On 21 June, Prince Nassau-Siegen attacked the Swedes at Björkö Sound with 89 ships. Then, at nightfall on 3 July (22 June OS), Gustav III ordered the breakout to commence from Krysserort at 10:00 on the following day.

At 02:00 on 4 July, Swedish units bombarded Russian shore batteries. At the same time, Swedish sloops, led by Lieutenant Colonel Jacob Törning, attacked a Russian naval unit just west of Vasikansaari Island, west of Björkö sound.

Just prior to 07:00 that morning, Gustav III spoke with then captain Johan Puke of the 64-gun ship of the line, the Dristigheten ("The Audacity"), which would lead the breakout. Moments later, Puke, aboard the Dristigheten, led a line of ships and the Swedish naval fleet away from the bay, through the western channel, around the Salvors shallows into the middle of the channel between the shallows and Krysserort, and towards the first Russian ships of the line, the Seslav and Saint Peter which were part of the Russian Admiral Povalishin's squadron deployed to block the channel leading to west.

This line of ships consisted of the flagship the Konung Gustaf III (with Prince Grand Admiral Duke Carl aboard), the Seraphimerorden (with Gustav III aboard) - in the line's center, the Manligheten ("The Manliness", sister ship of the Dristigheten), the other ships of line, the navy frigates, the frigate Zemire, the 70-gun ship of the line Enigheten ("The Unity"), and three fire barges, used to set fire to enemy ships. Meanwhile, the flotilla protected the naval fleet, on a parallel course further west, nearer the shoreline. Immediately prior to the engagement, Gustav III transferred onto a smaller sloop. Puke ordered all non-essential personnel below decks and, moments later, the Swedish navy engaged the Russian blockade, splitting between the Selsav and the Saint Peter. Gustav III was rowed through the fire, but the flagship Konung Gustaf III was hit and the Grand Admiral Duke Carl injured.

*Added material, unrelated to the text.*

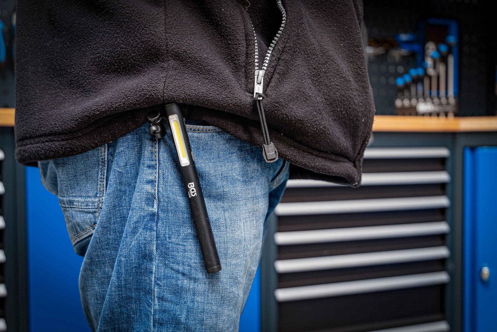 Za optimalno osvetlitev temnih delovnih površin v industriji, delavnicah, kampiranju ali domalahko se uporablja brez napajanjamajhen, kompakten in še posebej svetel z uporabo LED tehnologijeCOB LED glavni svetlobni vir na strani in zgornja osvetlitev LED z magnetno podlago in na hrbtni strani čas osvetlitve do 5 ur pritrdilna sponka za prsni žep ali pas s funkcijo vklopa / izklopavisoko robustno aluminijasto ohišje za visoko odpornost proti mehanskim udarcem enostavno upravljanje z eno roko večkratno upravljanje stikalo za vklop/izklop za zelo svetlo svetlobo z prikazom stanja baterije. glavni vir svetlobe: COB-LEDsvetlost (glavna luč): 100 lumnov (eko način)delovni čas (eko način)svetlost (eko način)svetlost (glavna luč): 300 lumnov (način napajanja)delovni čas (glavna luč): 2 h (način napajanja)zgornji vir svetlobe: SMD-LEDsvetlost (zgornja luč): 100 lumnovdelovni čas (zgornja luč): 2,5 h polnilna vtičnica: USB-C zahtevani polnilnik: 5 V 1 A USB A (ni vključeno v obseg dobave).obseg dobave: . 1 polnilni kabel LED Penlight1

While the blockading Russian ships opened fire on the Swedish vanguard, the damage caused by the Russian ships was relatively small and the large vanguard ships remained fully capable of action. Swedish fire when sailing past the blockading Russian ships however caused damage to several of the Russian ships. By the time the main body of the Swedish fleets arrived to the blockade, the Russian ships posed no longer any danger to the Swedes. At least one of the Russian vessels had substantial damage during the battle. Russian frigate squadron west of the Povalishin's ships was too far out with their visibility obscured by gunpowder smoke to prevent the Swedish ships from breaching the blockade. Near total inactivity of the main body of the Russian fleet of Admiral Chichagov aided the Swedes.

Once through the first group of ships, Gustav III reboarded the Seraphimerorden. The king's personal ship, the Amphion survived with no damage. Further west, the galley fleet line of ships consisting sequentially of the frigates Styrbjörn and Norden ("North"), six Turuma squadron ships, Sällan Värre ("Rarely Worse"), the remaining archipelago frigates, Malmberg's and Hjelmstierna's coastal squadrons, and Colonel Jacob Tönningen's assigned gun sloops and gun tenders, passed the first Russian set of ships, then engaged the second. The Styrbjörn was subjected to heavy fire, but managed to pass through and score some hits on Russian commander Povalishin's ship and on the bomb ship Pobeditel ("Victor").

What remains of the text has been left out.